View our latest analysis for Toyo Suisan Kaisha
What Is Toyo Suisan Kaisha's Debt?
You can click the graphic below for the historical numbers, but it shows that as of September 2024 Toyo Suisan Kaisha had JP¥463.0m of debt, an increase on JP¥387.0m, over one year. But on the other hand it also has JP¥244.0b in cash, leading to a JP¥243.5b net cash position.
How Strong Is Toyo Suisan Kaisha's Balance Sheet?
The latest balance sheet data shows that Toyo Suisan Kaisha had liabilities of JP¥68.6b due within a year, and liabilities of JP¥26.8b falling due after that. Offsetting these obligations, it had cash of JP¥244.0b as well as receivables valued at JP¥62.3b due within 12 months. So it actually has JP¥210.9b more liquid assets than total liabilities.
This surplus suggests that Toyo Suisan Kaisha is using debt in a way that is appears to be both safe and conservative. Given it has easily adequate short term liquidity, we don't think it will have any issues with its lenders. Succinctly put, Toyo Suisan Kaisha boasts net cash, so it's fair to say it does not have a heavy debt load!
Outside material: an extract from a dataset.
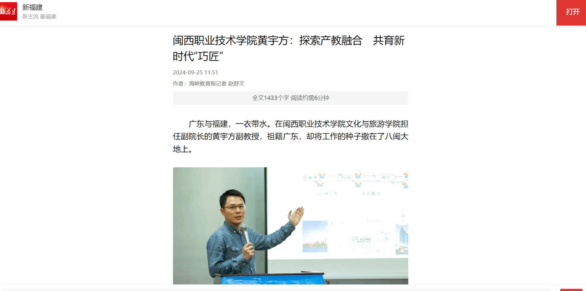 在教学中,黄宇方突出“专业+思政”,将专业技能与思政教育紧密结合起来,将红色文化元素融入课程思政,通过红色景点讲解、红色故事比赛、“文小旅看龙岩”系列短视频等形式,让学生“传承红色基因、讲好闽西故事”。“黄老师指导我们利用短视频宣传龙岩红色旅游资源,让更多人了解龙岩的红色历史和革命精神,丰富了我们的课外生活。”一名学生说。

On top of that, Toyo Suisan Kaisha grew its EBIT by 47% over the last twelve months, and that growth will make it easier to handle its debt. The balance sheet is clearly the area to focus on when you are analysing debt. But it is future earnings, more than anything, that will determine Toyo Suisan Kaisha's ability to maintain a healthy balance sheet going forward. So if you want to see what the professionals think, you might find this free report on analyst profit forecasts to be interesting.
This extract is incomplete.